Hook Marcus,  Higgins Timothy,  Hildebrand Andrea,  Sussman Betsy,  Burke Leah

Final Pr. ID: Poster #: EDU-051

Objectives:
1. Present the use of a published algorithm for the evaluation and diagnosis of the pediatric patient with congenital skeletal dysplasia and abnormal skeletal survey.
2. Review usefulness of accurate, narrowed differential diagnosis or suspected single diagnosis in terms of confirmatory testing, treatment implications, and genetic counseling.
3. Demonstrate the utility of the algorithm when applied to recent, rare cases of congenital skeletal dysplasia at our institution, a tertiary trauma center and children’s hospital in the Northeastern United States.

Content:
We present a refined, algorithm-based approach to the evaluation and diagnosis of the pediatric patient with congenital skeletal dysplasia and abnormal skeletal survey.
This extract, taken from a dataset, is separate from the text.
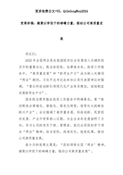 【七哥公文】2025年:党课讲稿:凝聚以学促干的磅礴力量,驱动公司高质量发展+更多免费公文+VX:QiGeGongWen2024+更多免费公文+VX:QiGeGongWen2024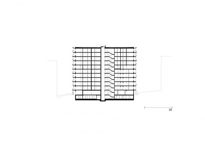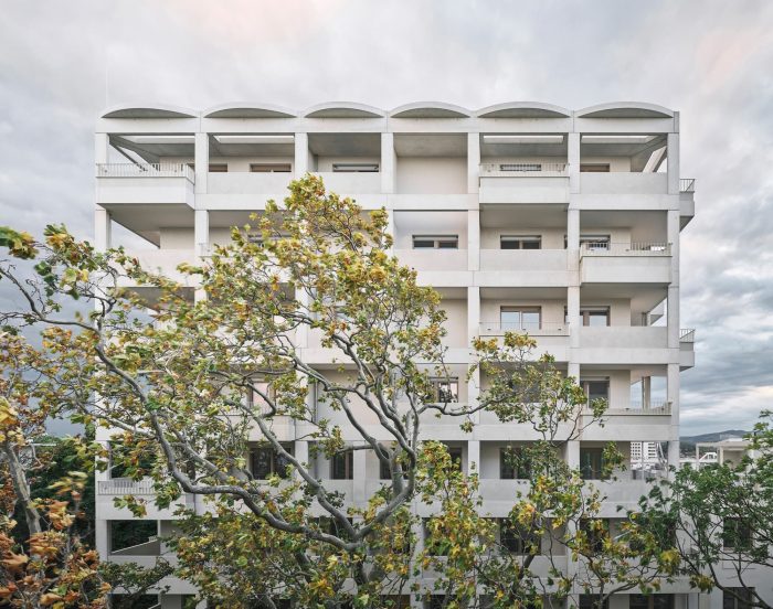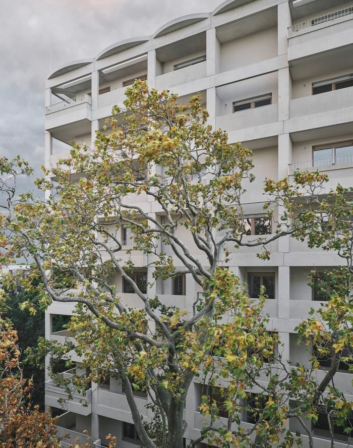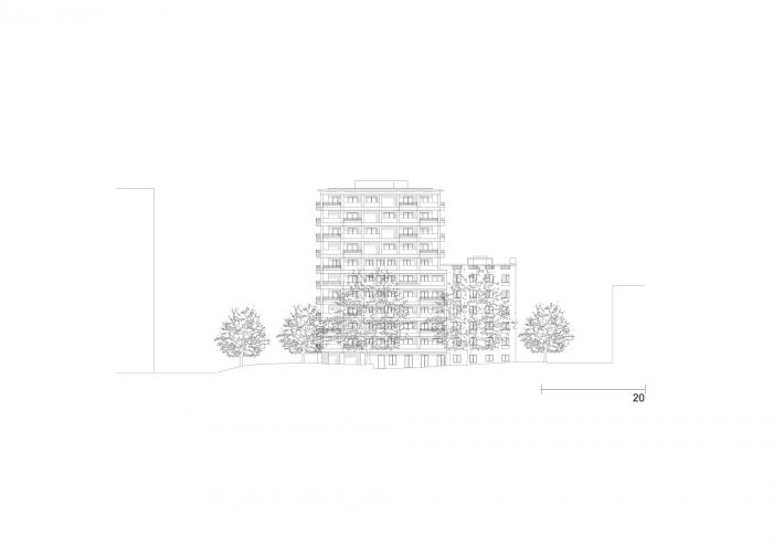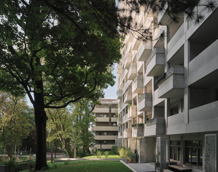 A multi-story loggia building is being erected between the park and the city to create social housing spaces.

The algorithm optimizes evaluation of the skeletal survey in cases of congenital skeletal dysplasia, aiding in timely, accurate diagnosis. The utility of the refined algorithm is demonstrated as it was applied to recent, confirmed cases of rare skeletal dysplasias at our institution, including metatropic dysplasia and cleidocranial dysplasia.

Teaching Message:
Evaluation of the pediatric patient with congenital skeletal dysplasia and abnormal skeletal survey can be challenging, even for the subspecialty-trained radiologist. By assessing the presence or absence of discriminating imaging features and findings on skeletal survey, the interpreting radiologist can significantly shorten the differential diagnosis or in many cases suggest a single, most-likely primary diagnosis. Narrowing the differential diagnosis is helpful in guiding confirmatory molecular or genetic testing. Timely, accurate diagnosis may have significant treatment and prognostic implications for patients and their families.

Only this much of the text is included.